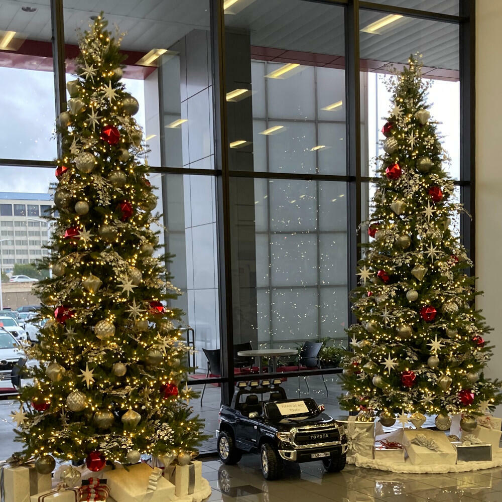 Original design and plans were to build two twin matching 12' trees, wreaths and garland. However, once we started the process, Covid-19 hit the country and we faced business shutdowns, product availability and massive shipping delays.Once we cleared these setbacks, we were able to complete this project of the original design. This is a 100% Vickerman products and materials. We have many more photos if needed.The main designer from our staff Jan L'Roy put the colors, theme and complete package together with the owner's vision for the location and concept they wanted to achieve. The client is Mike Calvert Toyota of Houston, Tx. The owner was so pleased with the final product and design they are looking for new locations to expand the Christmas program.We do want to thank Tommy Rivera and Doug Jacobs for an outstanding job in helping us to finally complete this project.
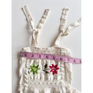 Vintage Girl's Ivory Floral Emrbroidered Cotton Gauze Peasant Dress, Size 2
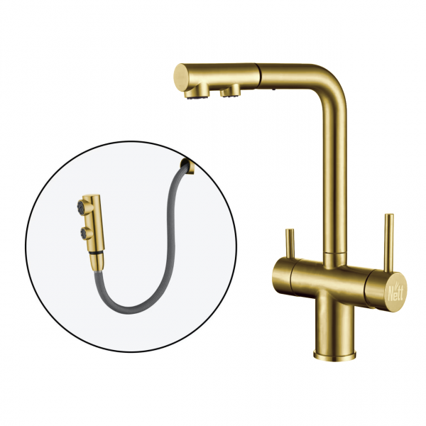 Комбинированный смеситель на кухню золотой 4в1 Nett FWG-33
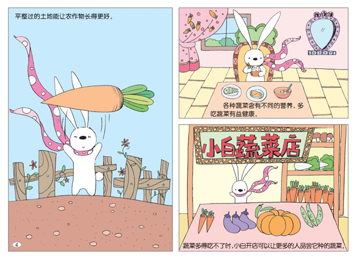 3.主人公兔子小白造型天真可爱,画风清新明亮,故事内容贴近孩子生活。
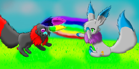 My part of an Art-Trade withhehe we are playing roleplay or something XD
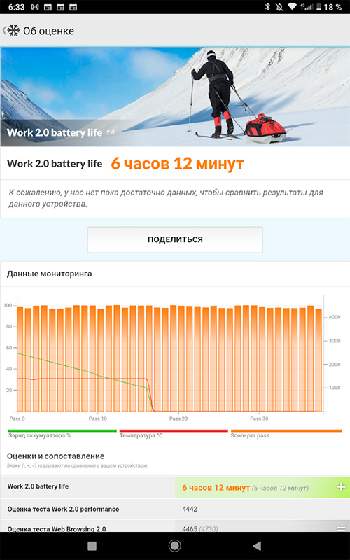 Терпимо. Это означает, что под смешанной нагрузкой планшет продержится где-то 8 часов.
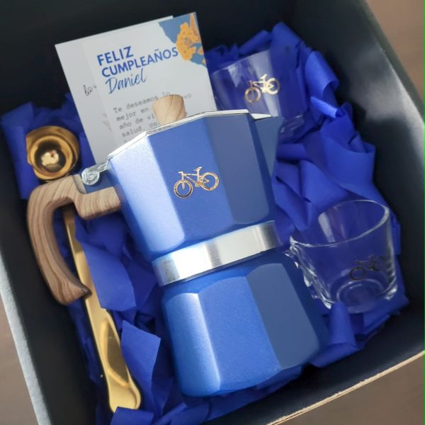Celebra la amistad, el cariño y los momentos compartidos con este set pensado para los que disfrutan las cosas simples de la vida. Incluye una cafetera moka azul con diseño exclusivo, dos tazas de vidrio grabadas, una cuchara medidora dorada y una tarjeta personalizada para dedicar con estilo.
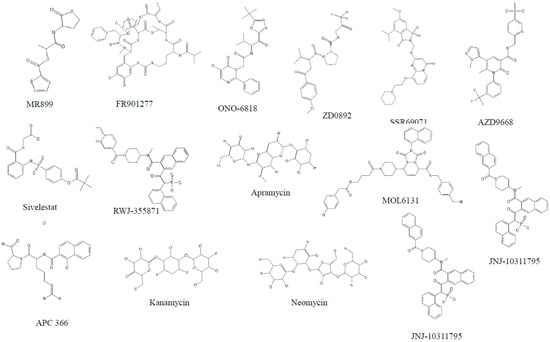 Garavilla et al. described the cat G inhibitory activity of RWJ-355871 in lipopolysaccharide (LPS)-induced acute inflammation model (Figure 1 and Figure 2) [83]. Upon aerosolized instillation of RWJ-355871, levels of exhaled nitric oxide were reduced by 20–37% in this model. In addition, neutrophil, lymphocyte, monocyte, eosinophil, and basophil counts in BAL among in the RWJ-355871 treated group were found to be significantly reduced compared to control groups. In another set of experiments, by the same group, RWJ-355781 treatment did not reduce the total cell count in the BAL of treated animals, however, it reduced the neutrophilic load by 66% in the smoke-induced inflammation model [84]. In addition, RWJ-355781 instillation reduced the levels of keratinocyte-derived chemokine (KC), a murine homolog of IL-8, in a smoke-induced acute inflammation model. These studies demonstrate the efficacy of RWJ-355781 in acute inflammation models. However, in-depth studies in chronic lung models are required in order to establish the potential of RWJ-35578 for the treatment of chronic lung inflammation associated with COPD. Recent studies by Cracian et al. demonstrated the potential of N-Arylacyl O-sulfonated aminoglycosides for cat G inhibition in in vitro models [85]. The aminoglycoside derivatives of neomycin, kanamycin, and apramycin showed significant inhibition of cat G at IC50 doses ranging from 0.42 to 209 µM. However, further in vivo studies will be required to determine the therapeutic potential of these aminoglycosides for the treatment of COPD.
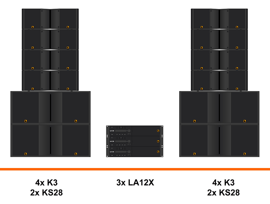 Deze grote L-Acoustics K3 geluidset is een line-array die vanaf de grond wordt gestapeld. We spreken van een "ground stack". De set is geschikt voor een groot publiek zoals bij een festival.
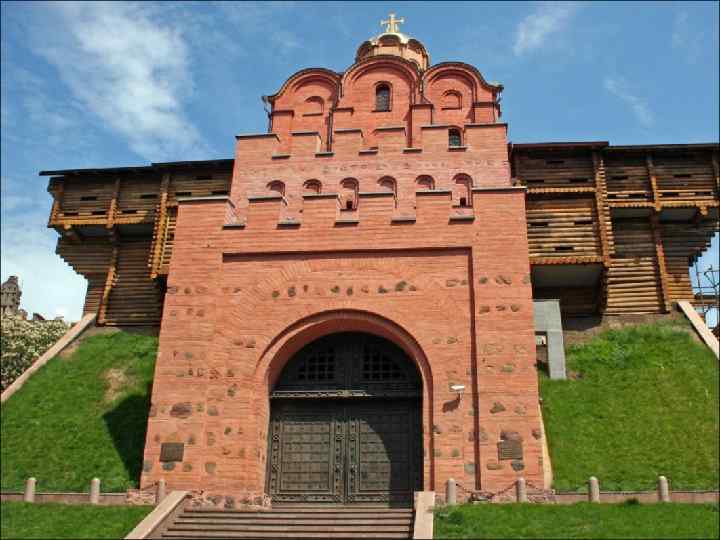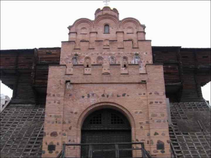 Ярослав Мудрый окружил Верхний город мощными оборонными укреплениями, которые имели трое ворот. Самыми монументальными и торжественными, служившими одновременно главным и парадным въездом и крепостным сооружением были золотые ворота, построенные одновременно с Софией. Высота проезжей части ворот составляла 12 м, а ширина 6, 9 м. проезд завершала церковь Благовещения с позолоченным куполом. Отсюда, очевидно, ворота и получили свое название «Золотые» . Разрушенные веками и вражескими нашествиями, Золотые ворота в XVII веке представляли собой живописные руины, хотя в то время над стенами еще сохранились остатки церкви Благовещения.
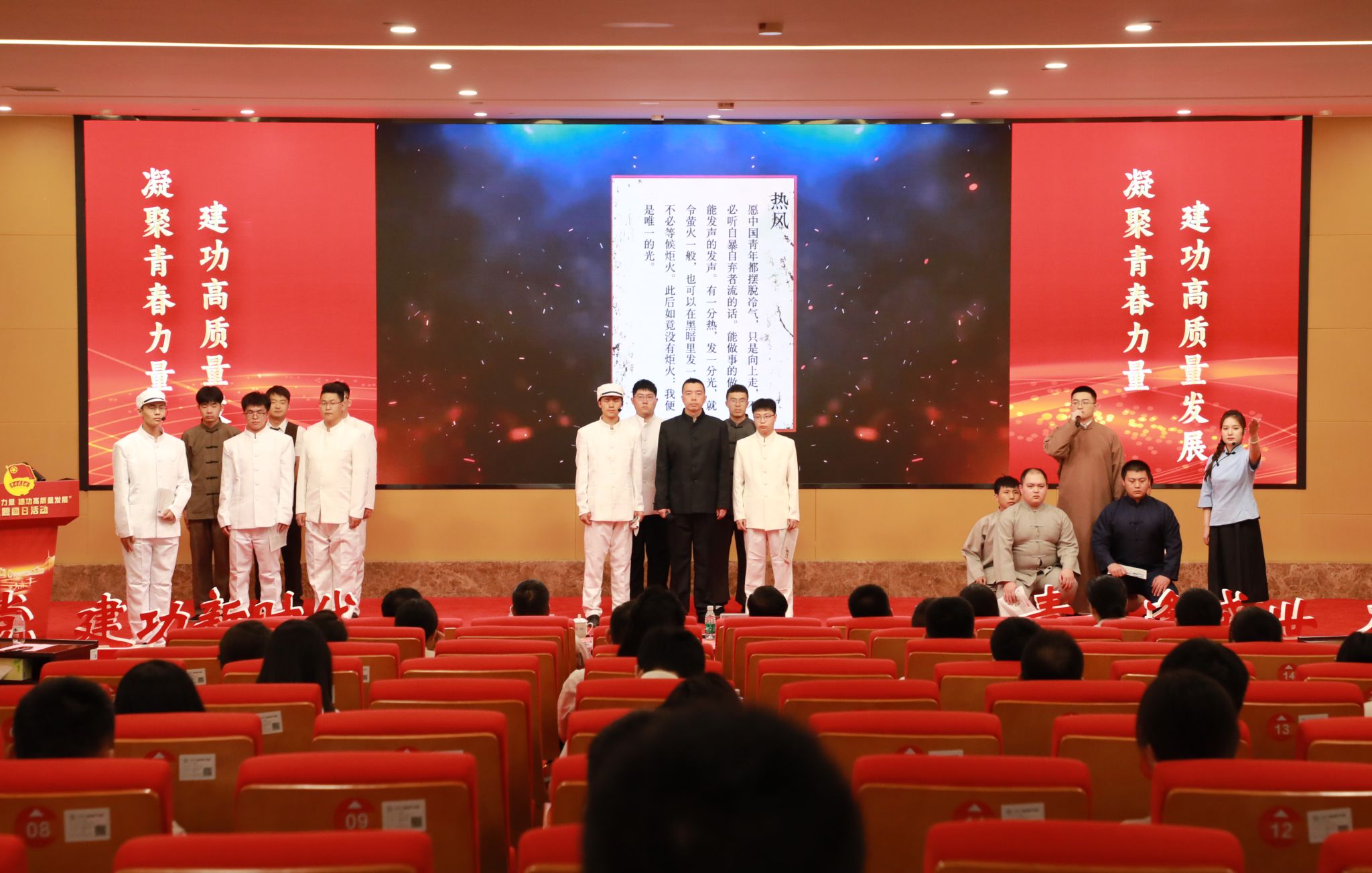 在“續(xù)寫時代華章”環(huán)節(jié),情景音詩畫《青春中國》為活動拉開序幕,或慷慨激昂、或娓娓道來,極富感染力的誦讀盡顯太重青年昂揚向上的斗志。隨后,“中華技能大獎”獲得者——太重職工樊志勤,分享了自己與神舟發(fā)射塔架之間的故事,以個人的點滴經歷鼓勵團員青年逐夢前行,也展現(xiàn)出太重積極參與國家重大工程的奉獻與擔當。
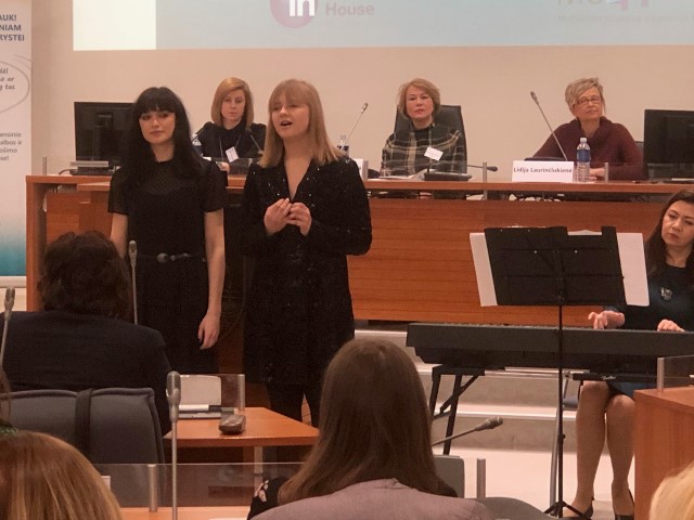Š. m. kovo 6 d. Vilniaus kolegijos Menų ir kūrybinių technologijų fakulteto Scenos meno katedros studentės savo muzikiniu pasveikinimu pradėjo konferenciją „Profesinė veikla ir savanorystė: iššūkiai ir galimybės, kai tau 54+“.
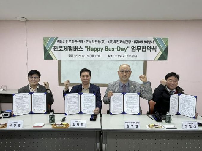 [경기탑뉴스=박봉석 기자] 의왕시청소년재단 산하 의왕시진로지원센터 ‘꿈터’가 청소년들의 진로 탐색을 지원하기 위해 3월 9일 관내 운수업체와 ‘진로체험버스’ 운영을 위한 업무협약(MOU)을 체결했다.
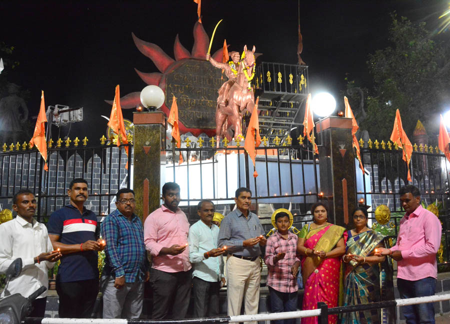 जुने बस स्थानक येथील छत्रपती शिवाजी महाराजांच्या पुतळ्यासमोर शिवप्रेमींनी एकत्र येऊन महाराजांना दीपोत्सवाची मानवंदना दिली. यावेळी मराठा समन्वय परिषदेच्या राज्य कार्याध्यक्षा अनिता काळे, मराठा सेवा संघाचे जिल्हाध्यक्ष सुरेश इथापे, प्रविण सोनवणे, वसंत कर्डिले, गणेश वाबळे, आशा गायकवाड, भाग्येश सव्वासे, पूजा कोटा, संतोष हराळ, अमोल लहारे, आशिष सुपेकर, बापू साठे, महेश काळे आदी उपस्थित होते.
◆ ◆ ◆ ◆ ◆
**EXERCISE DESCRIPTION**
Start with the line above containing "3.主人公兔子小白造型天真可爱,画风清新明亮,故事内容贴近孩子生活。" and end with the line containing "Celebra la amistad, el". Set down that stretch exactly, without any pictures.

**EXERCISE OUTPUT**
 3.主人公兔子小白造型天真可爱,画风清新明亮,故事内容贴近孩子生活。
 My part of an Art-Trade withhehe we are playing roleplay or something XD
 Терпимо. Это означает, что под смешанной нагрузкой планшет продержится где-то 8 часов.
Celebra la amistad, el cariño y los momentos compartidos con este set pensado para los que disfrutan las cosas simples de la vida. Incluye una cafetera moka azul con diseño exclusivo, dos tazas de vidrio grabadas, una cuchara medidora dorada y una tarjeta personalizada para dedicar con estilo.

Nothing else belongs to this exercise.